**What you should do**
For this exercise, repeat the whole listing below exactly. Leave the pictures out.

START Dataset extract

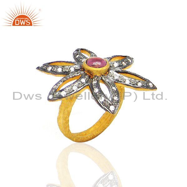 22K Yellow Gold Plated Brass Pink Tourmaline And Cz Flower Cocktail Ring
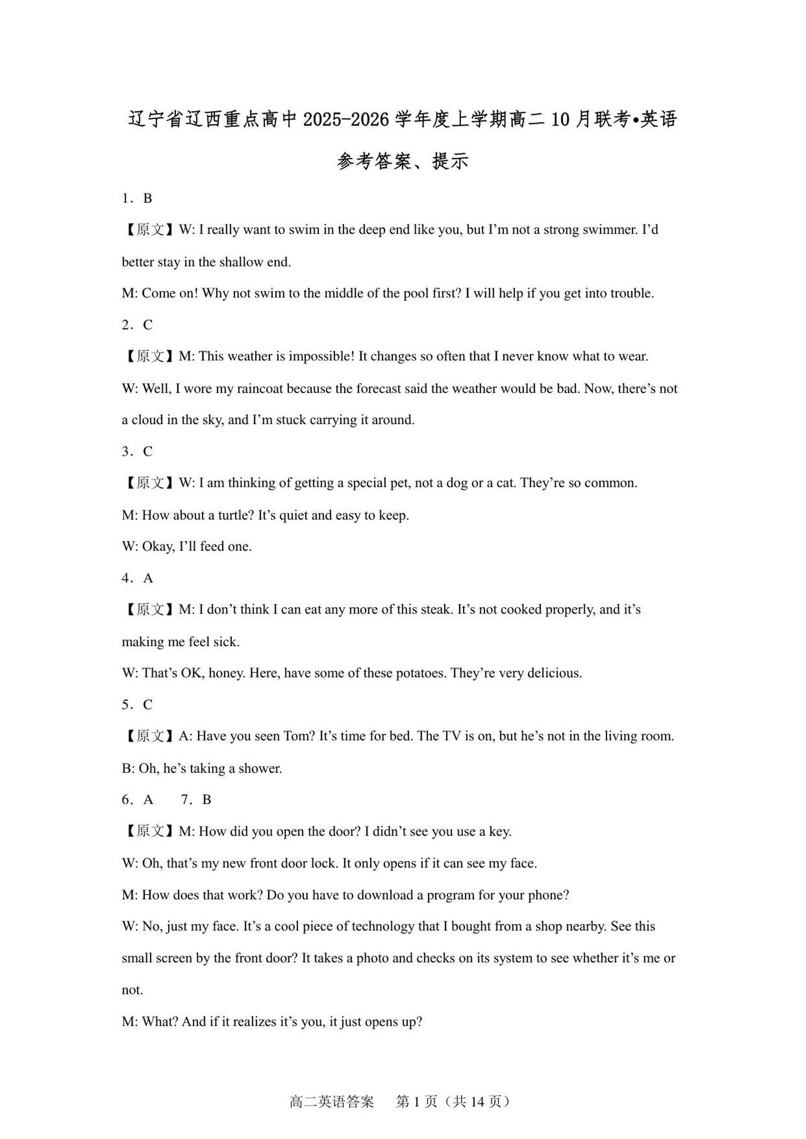 高二英语答案--辽西重点高中2025-2026学年高二上学期10月月考
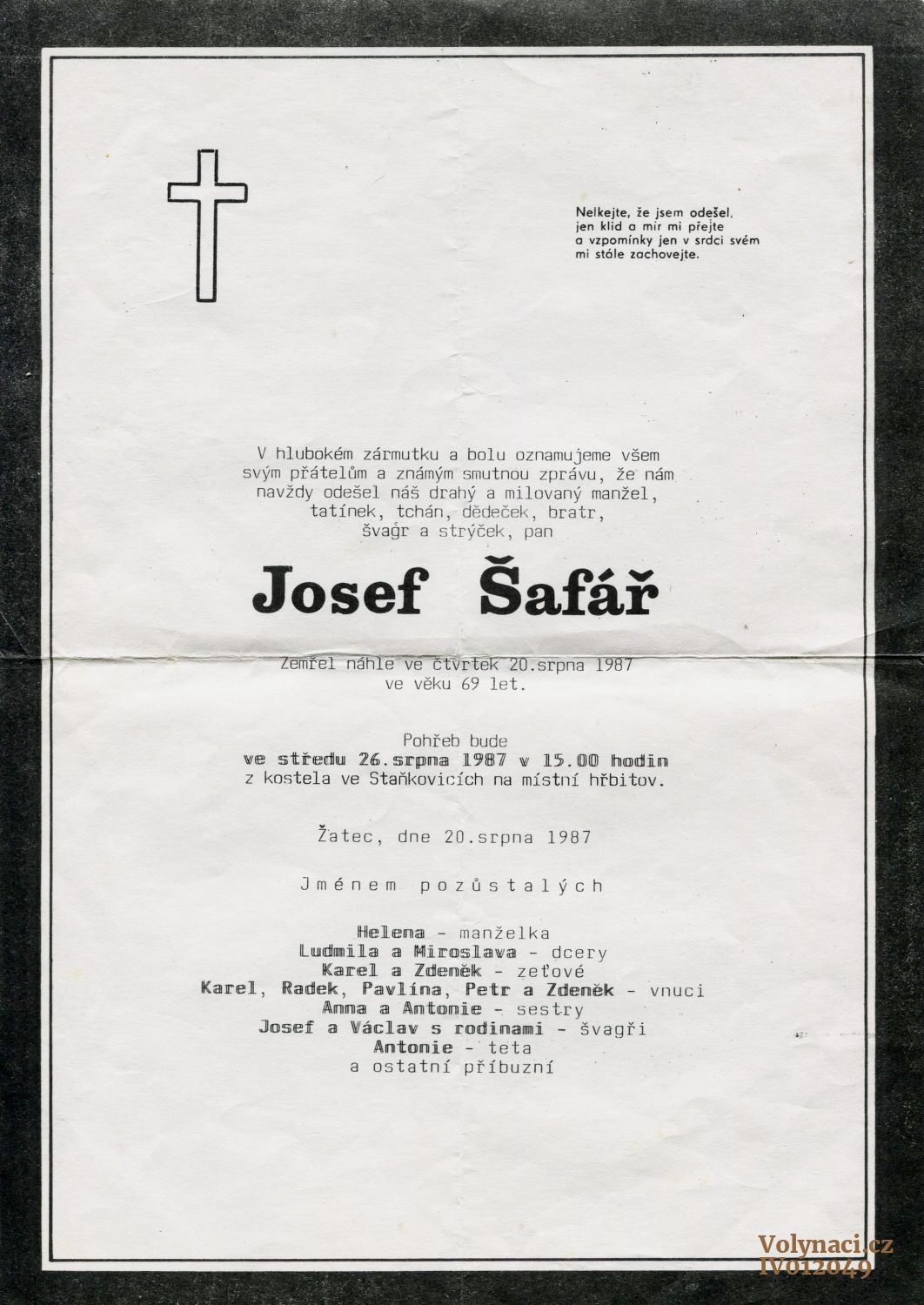 | Úmrtí | † 20. 8. 1987, hřbitov Staňkovice |

END Dataset extract

**Answer box**
 22K Yellow Gold Plated Brass Pink Tourmaline And Cz Flower Cocktail Ring
 高二英语答案--辽西重点高中2025-2026学年高二上学期10月月考
 | Úmrtí | † 20. 8. 1987, hřbitov Staňkovice |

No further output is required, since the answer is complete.